Vintage cotton French lace from the South of France.

The pattern is rated as intermediate in the magazine, which I think is fair.  The main body of the blouse is made from a very fine organic cotton batist that I bought online at lebenskleidung.de.  I bought ten metres of it in the end of summer sale last year for forty euros and it was such a good buy – I’ve literally used it for everything!  I’ve lined so many dresses and skirts with it because it’s so soft and fine, it feels great next to the skin.
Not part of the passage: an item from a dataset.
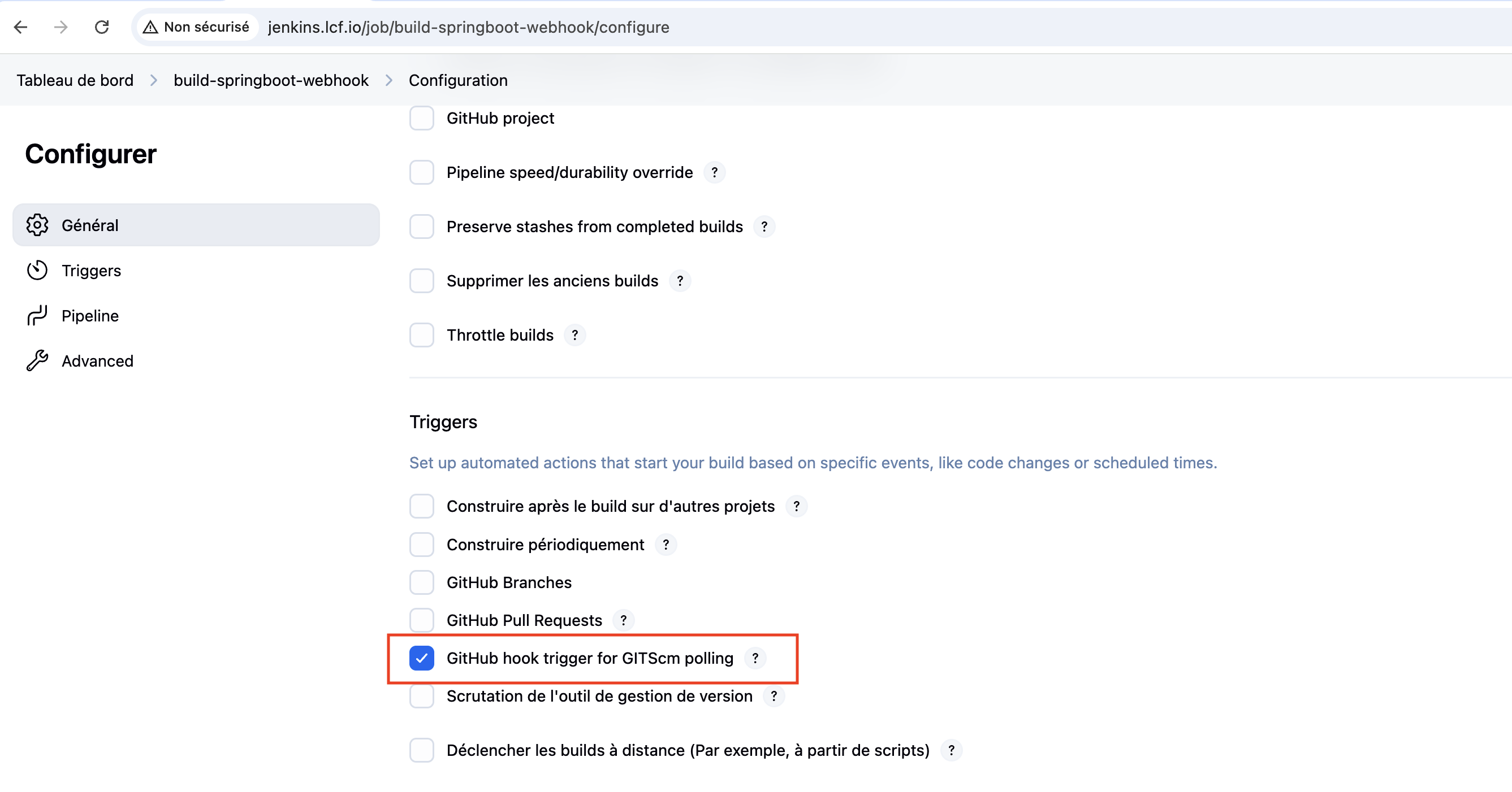 Triggers, sélectionnerGitHub hook trigger for GITScm polling

Organic cotton batist vintage lace blouse
Organic cotton batist vintage lace blouse

The cotton is so fine and transparent that I’ll have to be more careful about what I wear under it in future. As you can see in the above photo, a white vest is not recommended! It didn’t seem so see-through on the day that I wore it until I saw these photos – Oops! The camera never lies as they say! The cotton is natural coloured so I can obviously only get away with wearing cream or nude coloured under-things.

This was also why I chose to do French seams on all the seams, because I knew that they would be visible from the outside.  This made the construction of the blouse much more time-consuming and trickier than it should have been.

The basic construction of the blouse isn’t really complicated, just very fiddlely.  BurdaStyle magazine is available here in German although I’d downloaded the sewing instructions in English from the BurdaStyle.com website. And as anyone who has made anything from Burda magazine knows, the sewing instructions are often complicated to understand and the lack of pictorial guidance to further assist only makes matters worse which made wading through these instructions bad enough but it was those front and back yoke pintucks that caused the most headaches – and I’m sure added to my growing collection of white hairs!

buttons on back opening and close-up of pintucks
buttons on back opening and close-up of pintucks

French seaming everything made it really difficult to match the pintucks up on the joining seam of the yoke to make a nice and sharp ‘v’ shape.  They fitted together nicely for the first seam and then were all off for the second.  So finally after unpicking them several times when they refused to match up neatly, I surrendered and made the extra effort of basting them first to make sure they lined up correctly before I sewed them.  Thankfully, this worked!  They are not absolutely perfect, but nothing that I make is and I can live with that.

I left off the neck piece of lace mainly because I didn’t have enough lace left but I also thought it would have pushed the laciness of it over the top.  I was actually thankful to have run out of lace because all the lace on the front and back yoke pieces was hand-stitched down and I’d simply had enough by that stage!

I’m not a patient sewer. If truth be told I prefer quick and easy projects. Fast sewing. It’s just where I am right now.  I have a toddler at my feet most of the time, what more can I say!

Burda 3/2013 #137
Burda 3/2013 #137

Overall though, I’m pretty happy with this blouse.

How about you?  Do you like quick and easy sewing or slow-burn projects?